_Input_

-=-=-=-=-

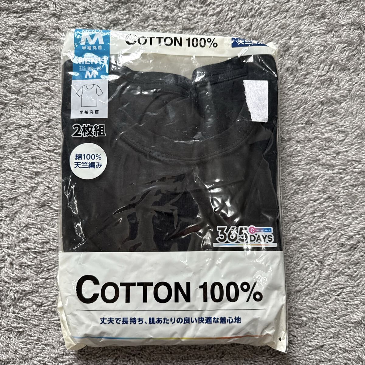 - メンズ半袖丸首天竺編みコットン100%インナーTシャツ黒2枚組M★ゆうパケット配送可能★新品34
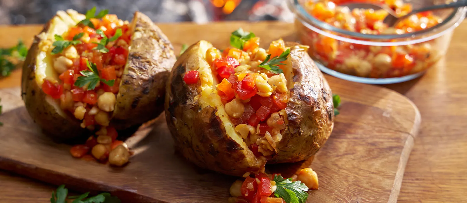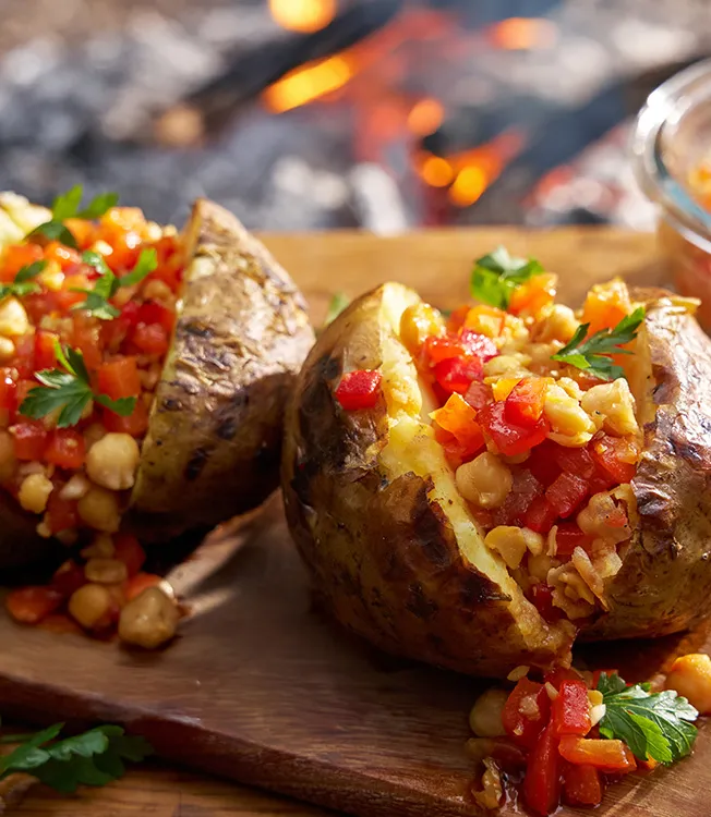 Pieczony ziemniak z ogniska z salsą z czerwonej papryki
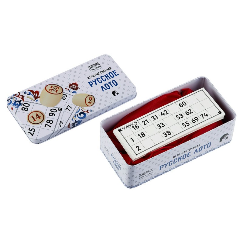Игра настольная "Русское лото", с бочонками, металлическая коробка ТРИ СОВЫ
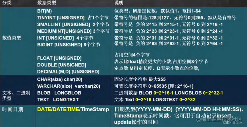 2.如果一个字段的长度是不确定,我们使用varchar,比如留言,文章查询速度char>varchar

-=-=-=-=-

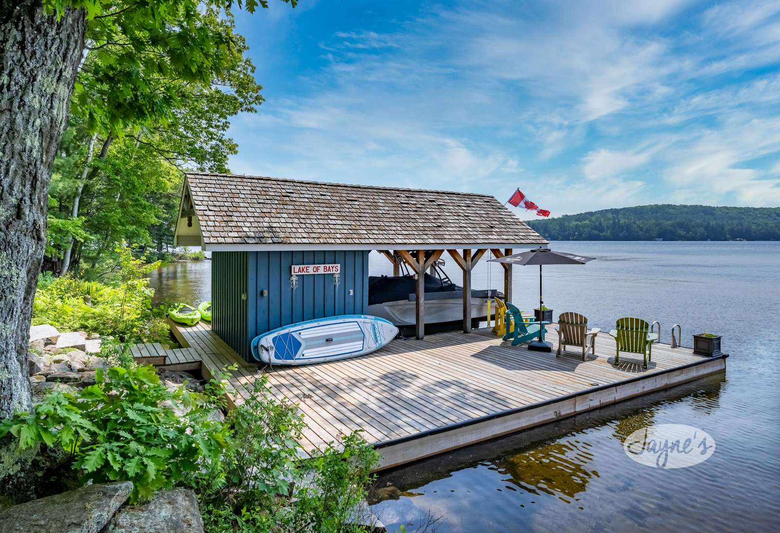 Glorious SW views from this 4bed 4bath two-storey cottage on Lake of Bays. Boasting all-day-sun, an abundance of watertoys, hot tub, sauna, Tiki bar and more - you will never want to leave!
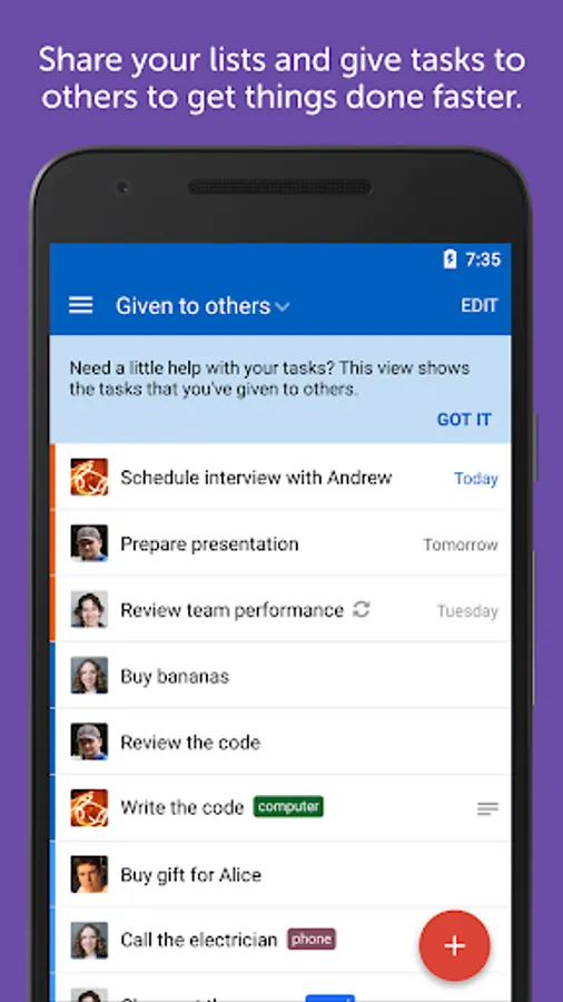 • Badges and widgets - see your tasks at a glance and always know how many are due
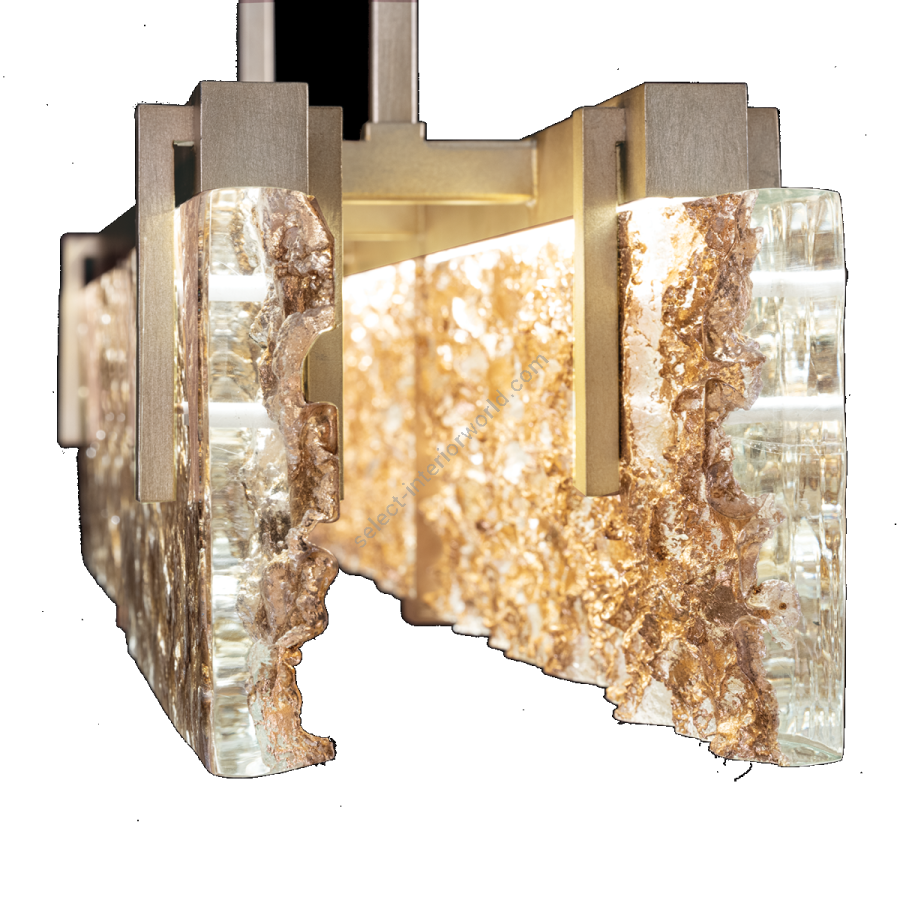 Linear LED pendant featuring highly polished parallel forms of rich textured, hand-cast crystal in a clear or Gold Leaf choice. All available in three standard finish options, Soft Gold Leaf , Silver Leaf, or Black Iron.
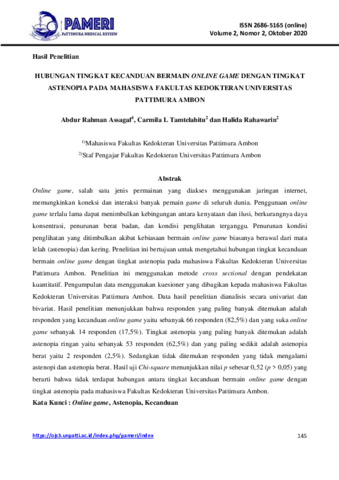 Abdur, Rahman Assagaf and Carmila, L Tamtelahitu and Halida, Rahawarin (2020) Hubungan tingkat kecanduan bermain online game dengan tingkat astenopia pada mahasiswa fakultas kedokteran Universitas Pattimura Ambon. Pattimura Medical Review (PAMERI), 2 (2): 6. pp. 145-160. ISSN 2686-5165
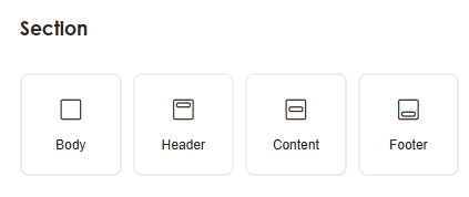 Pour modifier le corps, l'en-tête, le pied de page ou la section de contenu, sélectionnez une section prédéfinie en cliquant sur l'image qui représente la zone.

-=-=-=-=-

_Exercise_
Copy only what runs above from the line containing "коробка ТРИ СОВЫ" through the line containing "2.如果一个字段的长度是不确", exactly. Leave out the pictures.

_Answer to the exercise_
Игра настольная "Русское лото", с бочонками, металлическая коробка ТРИ СОВЫ
 2.如果一个字段的长度是不确定,我们使用varchar,比如留言,文章查询速度char>varchar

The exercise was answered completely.